Help to initialize a tensor out of place

Hi all,

Inside one of my modules I have the following code to create a cost volume.
The cost is represented as a 3D volume of an image with each slice corresponds to a shift of d pixels. Pixels outside are set a zero in the volume.

def cost_volume(ref, tgt, max_disp):
    max_disp4 = max_disp // 4
    batch, channels, h, w = ref.size()
    cost = torch.zeros((batch, channels * 2, max_disp4, h, w), dtype=ref.dtype, device=ref.device,     requires_grad=False)

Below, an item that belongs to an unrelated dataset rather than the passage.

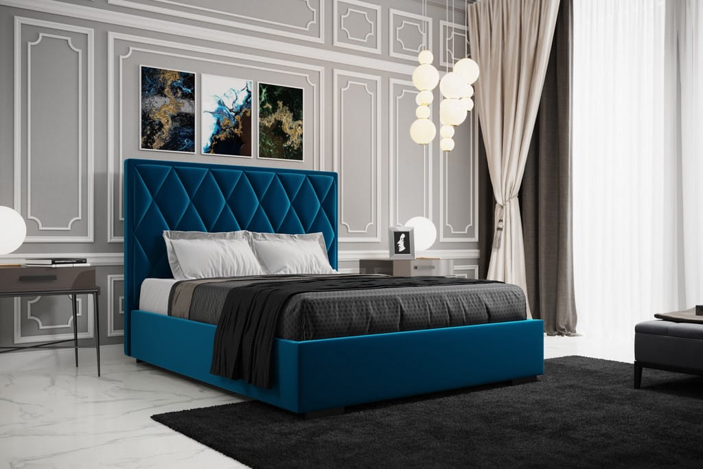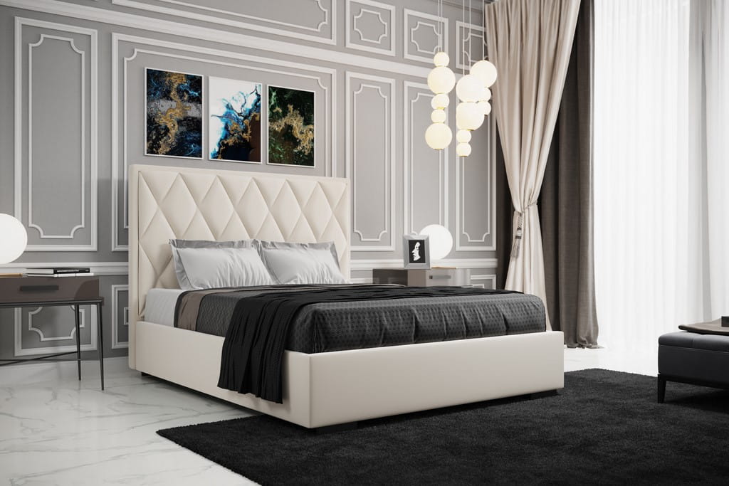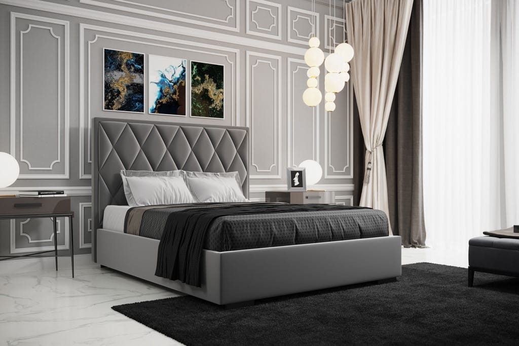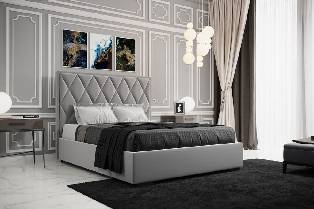 Łóżko LEO cechuje się wytrzymałością oraz oryginalnością wzornictwa. Wezgłowie panelowe we wzorze karo. Estetycznie wykonany zagłówek to gwarancja komfortu dla użytkowników sypialni. Łóżko jest zarówno funkcjonalne jak i oryginalne. Dodatkowym atutem są eleganckie nóżki.

    cost[:, :channels, 0, :, :] = ref
    cost[:, channels:, 0, :, :] = tgt
    for d in range(1, max_disp4):
        cost[:, :channels, d, :, d:] = ref[:, :, :, d:]
        cost[:, channels:, d, :, d:] = tgt[:, :, :, :-d]

    return cost

When running in training mode, Pytorch complaints of not be able to compute the gradients due to some operations in-place, which is a fair error message.

RuntimeError: one of the variables needed for gradient computation has been modified by an inplace operation

I was wondering if an easy solution exists to convert this code from in-place to out-of-place? Or any trick to bypass this restriction for this scenario?

Thanks a lot for your help,

Well, if you check some dev answer:

An in-place operation is an operation that changes directly the content of a given Tensor without making a copy. Inplace operations in pytorch are always postfixed with a , like .add() or .scatter_(). Python operations like += or *= are also inplace operation

Try to add cost=cost.clone()
.clone() statement creates a copy of the data.

Thanks JuanFMontesinos for your help.
Unfortunately, this is the first thing that I tried and I have still the same error message.

I am using Pytorch 0.4.0:
cuda90 1.0 h6433d27_0 pytorch
pytorch 0.4.0 py36hdf912b8_0

you could modify the code to use torch.cat here I guess.